(RAW DATA)

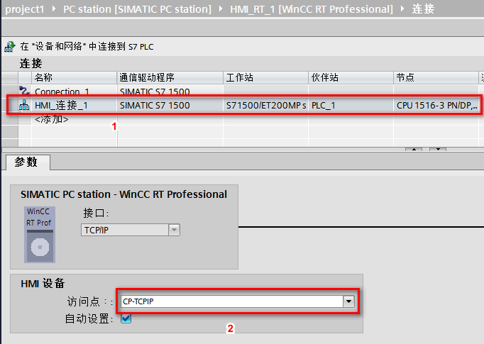 在打开的界面中,点击建立的连接,并将连接的访问点设置为 "CP-TCPIP"。
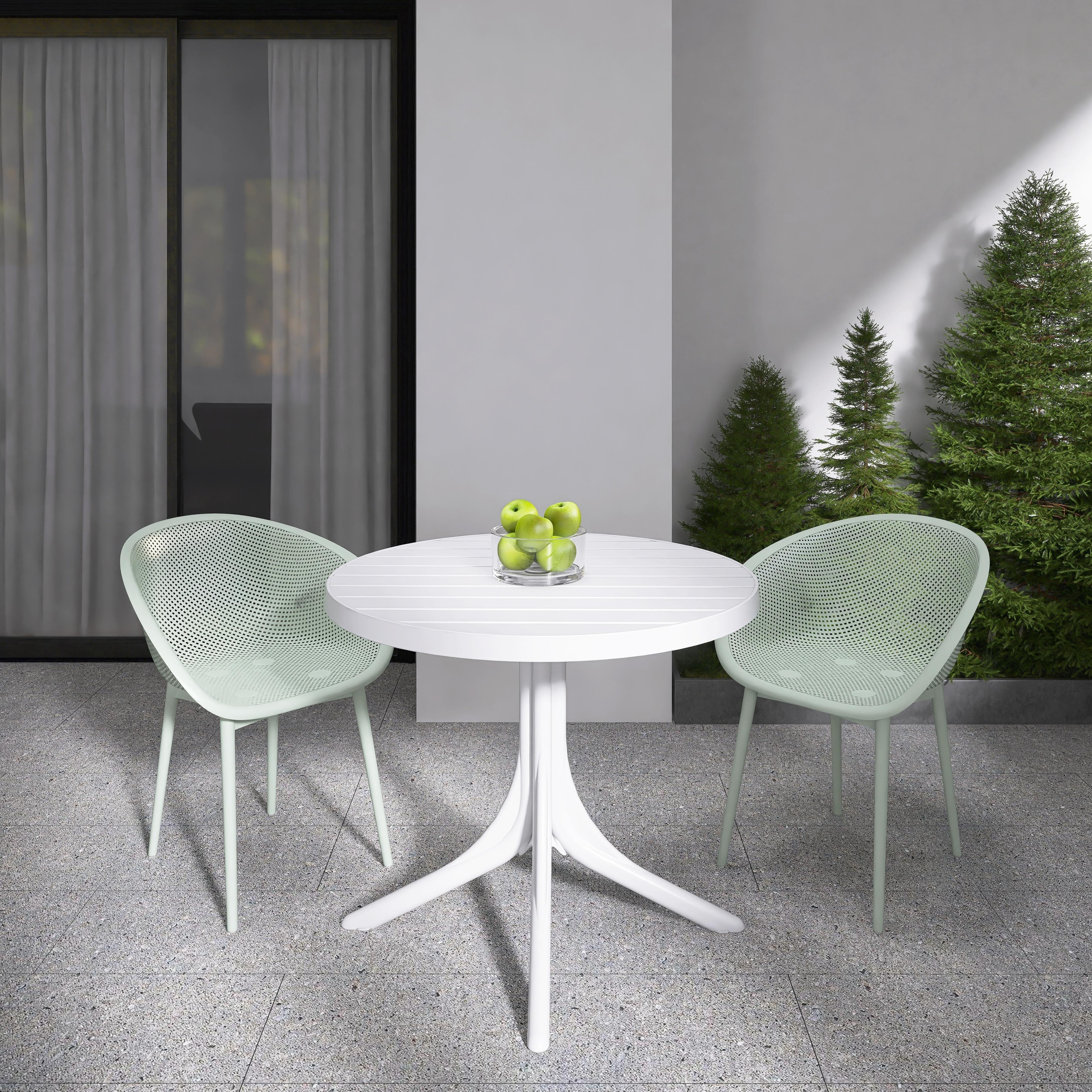 BNK 3 Piece Indoor/Outdoor Dining Set, 2 Waterproof Polypropylene Chairs, 36 Inch White Round PP Table
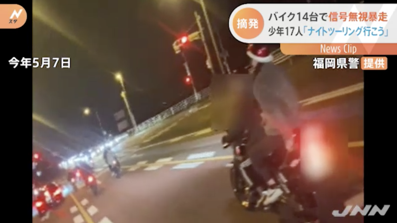 警察は、今年5月、宗像市と福津市の国道3号でバイク14台に乗って蛇行運転などを繰り返し、信号無視をしたとして、高校生13人を含む15歳から18歳までの少年17人を逮捕・書類送検しました。
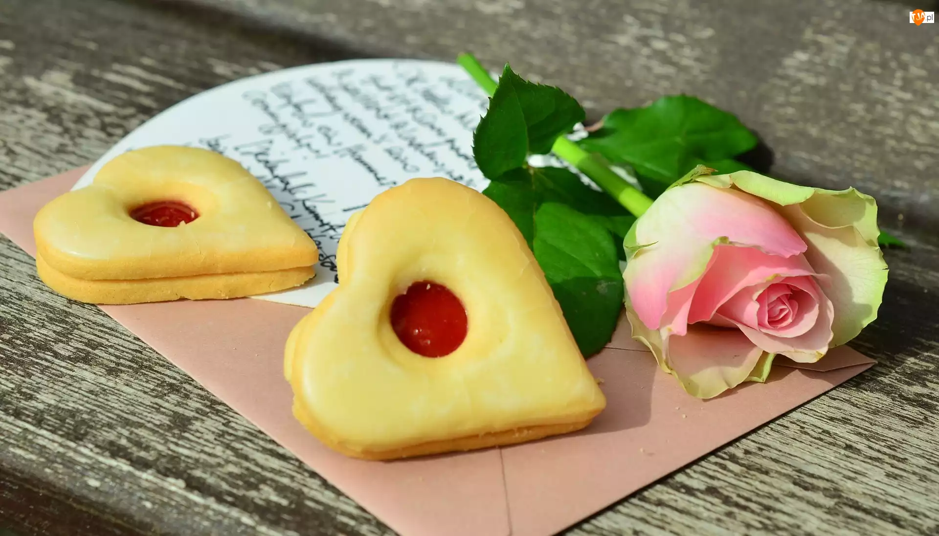 Ciasteczko róża i list miłosny na desce

(End RAW DATA)

THE PROBLEM: Transcribe exactly the lines from the one holding "警察は、今年5月、宗像市と福" through the final line of the material above, both ends included; any pictures should be dropped.

ANSWER SPACE:
 警察は、今年5月、宗像市と福津市の国道3号でバイク14台に乗って蛇行運転などを繰り返し、信号無視をしたとして、高校生13人を含む15歳から18歳までの少年17人を逮捕・書類送検しました。
 Ciasteczko róża i list miłosny na desce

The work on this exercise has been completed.